At one point, Speriglio briefly dropped the serving spoon back into one of the salsa bowls and Pasternak leaned in and reached for it. He was unsuccessful.

“She must have seen me out of the corner of her eye and grabbed it back before I could get it and told me to ‘wait my turn,’” he reports. “Oh, and she called me an asshole.”

When she finally left after 11 minutes, 47 seconds at the salsa bar, she had filled 28 1.5 ounce plastic Dixie brand containers, known in the service industry as “souffle cups.”

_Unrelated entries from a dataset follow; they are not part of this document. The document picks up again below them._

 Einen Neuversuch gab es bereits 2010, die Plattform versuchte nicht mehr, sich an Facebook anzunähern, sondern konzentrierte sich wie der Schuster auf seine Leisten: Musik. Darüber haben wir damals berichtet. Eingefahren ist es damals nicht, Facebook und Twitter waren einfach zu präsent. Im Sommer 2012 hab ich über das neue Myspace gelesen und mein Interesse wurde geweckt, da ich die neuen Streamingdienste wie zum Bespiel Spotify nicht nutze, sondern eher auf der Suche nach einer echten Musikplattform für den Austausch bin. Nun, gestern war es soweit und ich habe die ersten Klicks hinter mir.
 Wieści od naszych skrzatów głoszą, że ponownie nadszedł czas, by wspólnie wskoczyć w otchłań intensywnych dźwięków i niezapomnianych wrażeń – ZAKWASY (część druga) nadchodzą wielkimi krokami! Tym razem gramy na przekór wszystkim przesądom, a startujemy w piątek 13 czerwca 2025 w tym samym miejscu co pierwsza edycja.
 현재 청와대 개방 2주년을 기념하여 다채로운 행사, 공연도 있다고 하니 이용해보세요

“I woulda got more, but I emptied the bowl of House Salsa and those assholes couldn’t be bothered to refill it,” she says of the employees. Add to that the fact that she hadn’t properly snapped the lid on one of the cups, its contents spilling in the large plastic bag she carried her food home in, and it brings her official total down to 27 cups.
The official weigh-in. Staff photo.

But it didn’t matter - she beat the old record (18 little cups of salsa for consumption with a Ranchero Burrito, set by customer Dawn Haberlind at El Pollo Loco on Sherman Way & Winnetka in 2011) handily.

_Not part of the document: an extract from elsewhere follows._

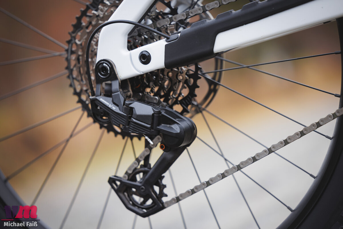 - Schaltung: Verbaut ist mit der SRAM Eagle 70 die günstigste Gruppe der Transmission-Reihe. Bewährt gute und zuverlässige Schaltperformance auch unter Last trifft auf eine mechanische Ansteuerung und eher günstige Haptik und Optik.
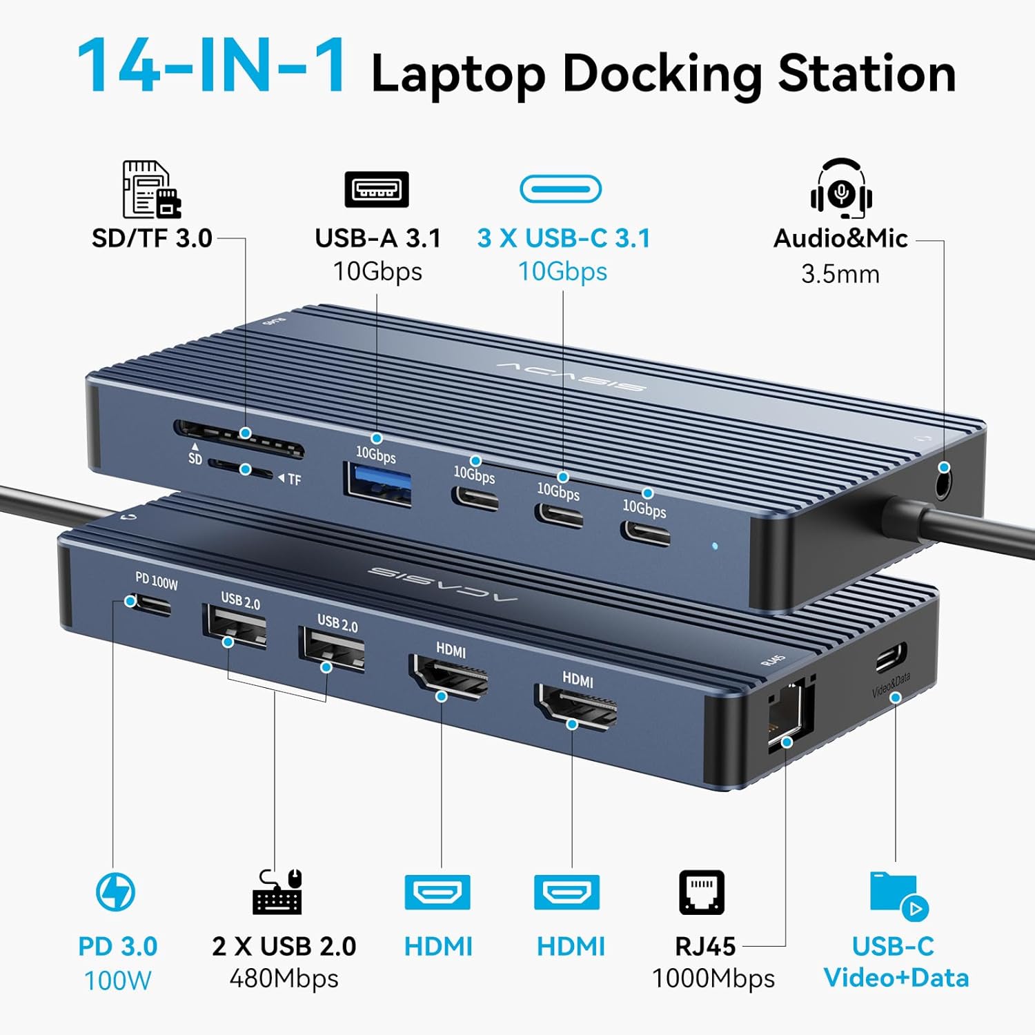 - 【14-IN-1 USB C Video Hub】Plug and play,ACASIS USB C Docking Station Dual Monitor easily expands your laptop from a single USB C/thunderbolt 3/4/type C port to a 14-port mobile workstation, This Docking Station with 2*HDMI + 4 *USB C 3.1-10Gbps + 2*USB 2.0,+SD/TF card reader+1000Mbps Ethernet+3.5mm audio and microphone+ PD 100W charging, as well as a full-featured USB C video port.

“To be honest, I wasn’t even thinking about settin' no record,” Speriglio says. “I just wanted some salsa with my burrito. I was more focused on getting home to watch me some Family Feud with Steve Harvey.”

Speriglio’s record will likely stand for the foreseeable future, experts note. “Her burrito weighed 10.6 ounces. Add the little bag of tortilla chips - 13 chips and some broken pieces - and they weigh a combined 12.2 ounces,” reports Bob Farrell of the Owensmouth / Canoga Historical Society, who performed official adjudicating services by counting the filled cups and weighing their contents at Speriglio's Hart Street apartment. 

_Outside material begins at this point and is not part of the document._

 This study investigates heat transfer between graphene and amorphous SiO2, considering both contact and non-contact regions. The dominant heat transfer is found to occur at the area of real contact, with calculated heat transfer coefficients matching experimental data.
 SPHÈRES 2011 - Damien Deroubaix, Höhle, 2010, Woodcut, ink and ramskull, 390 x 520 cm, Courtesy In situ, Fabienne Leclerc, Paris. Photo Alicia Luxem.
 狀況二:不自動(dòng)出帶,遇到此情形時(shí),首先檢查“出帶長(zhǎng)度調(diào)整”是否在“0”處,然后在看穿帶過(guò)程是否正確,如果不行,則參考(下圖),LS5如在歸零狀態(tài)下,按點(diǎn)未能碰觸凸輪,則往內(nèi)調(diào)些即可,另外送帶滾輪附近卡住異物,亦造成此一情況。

“The salsa alone weighed 2 lbs, 1.7 ounces. That’s a remarkable salsa-to-burrito-and-chips ratio. We’re not likely to see anything like this again in our lifetime. I’ve already submitted it to Guinness.”
Evie Speriglio's TV tray laden with her record-breaking salsa haul photographed mid-meal. Staff photo.
As to how she enjoyed the salsa, Speriglio responds with surprise. “Huh? It was okay, I guess. Except the assholes who designed the cups made them too shallow - you can’t really dip your chips and get much on them. I had like two cups and threw the rest out. Now shut the f___ up - the Fast Money Round’s coming up next and I want to see these assholes lose!”